If Diana had not been so well-trained, she would have let the entire edifice, balanced precariously between her and Gwyn, collapse on top of her. “Of course, Owen,” she said, her voice muffled by fabric. She wanted to ask about Anahita, but felt it impolite to do so. It might seem too much like crowing.
“How is Anahita?” Gwyn asked.
“Doctor says she has an ulcer, and some other unspecified complaints. She’s agreed to take supporting roles until her health is better.”
“She
agreed
to it?” Gwyn asked.
Owen wore his vague look. “She understands professional necessity. Rehearsal in thirty minutes, then, and I’ll need extra time with you afterward, Diana.” He left.
“I wish I’d been able to eavesdrop on
that
conversation,” said Gwyn. “I wonder what he threatened her with? Hyacinth’s fate?”
“Owen wouldn’t threaten anyone—” Diana trailed off, seeing that Gwyn was laughing at her.
“Di, the man is as ruthless as Bakhtiian when it comes to his domain. You’re being sentimental.”
“Goddess,” she swore. “The leading roles.” She fell silent.

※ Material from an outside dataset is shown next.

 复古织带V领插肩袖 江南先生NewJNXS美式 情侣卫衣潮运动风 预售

He honored her silence, and they finished setting up the tent without another word.
That evening, at their rehearsal on the flat square of ground in between the company tents—there not being time enough to set up the platform and screens—they walked through
King Lear,
which necessitated few changes except those Ginny wrote in as they worked. Ginny had already recast the play so that Seshat played Lear as an etsana, rather than Dejhuti playing him as the old king. Ginny had as well conflated the parts of the half brothers Edgar and Edmund with those of Goneril’s and Regan’s husbands. Diana played both Cordelia and the Fool. For whatever reason, rehearsal went well; Owen was pleased. For the first time since Hyacinth’s disappearance, the mood in camp felt optimistic.

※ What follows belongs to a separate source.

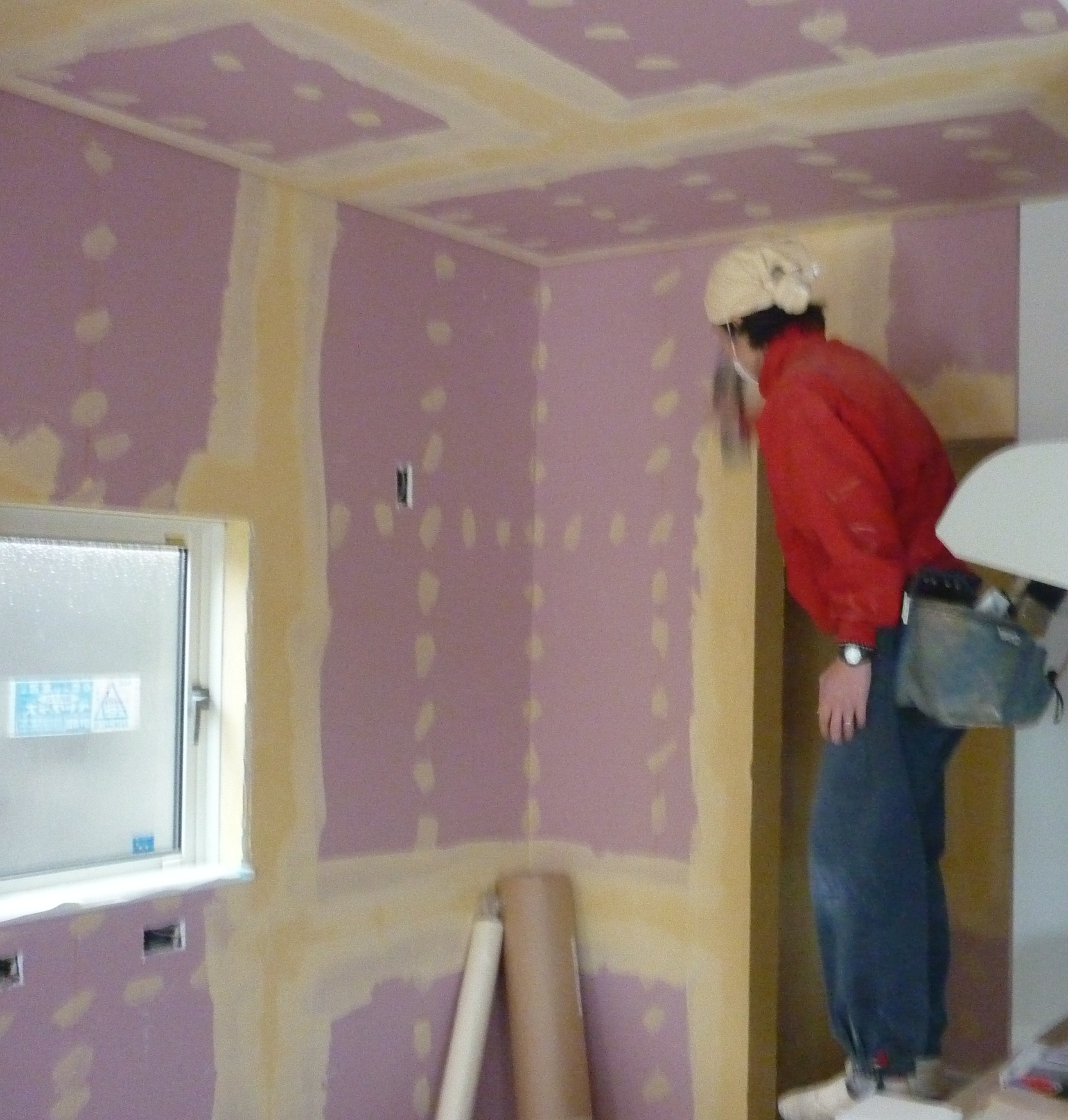 先回パテを塗った後に、クロスを

Thirty days after Hyacinth’s disappearance, which was also twenty days after Bakhtiian’s return to the army, they came to a great river that wound through the land. There, like a vision on the other side of the river, Diana saw a city with gleaming white walls and silver towers and goats grazing peaceably outside the walls amid the sprawl of huts and hovels where, presumably, the poorest people lived. The city astonished her, all marble and colored tile, a romantic’s dream. Beyond the city, grain ripened in the sun, and farther still, orchards blanketed the gentle slopes of surrounding hills. This was a beautiful countryside, rich, fertile, and handsome. And yet, on this side of the river, the army arranged its camp on fields long since trampled and withered by the summer’s heat. She felt a sudden, sharp sympathy for the Habakar people and for their lands. What a horrible thing it was, to destroy such beauty. How had this piece survived? Had the jaran army been unable to cross the river?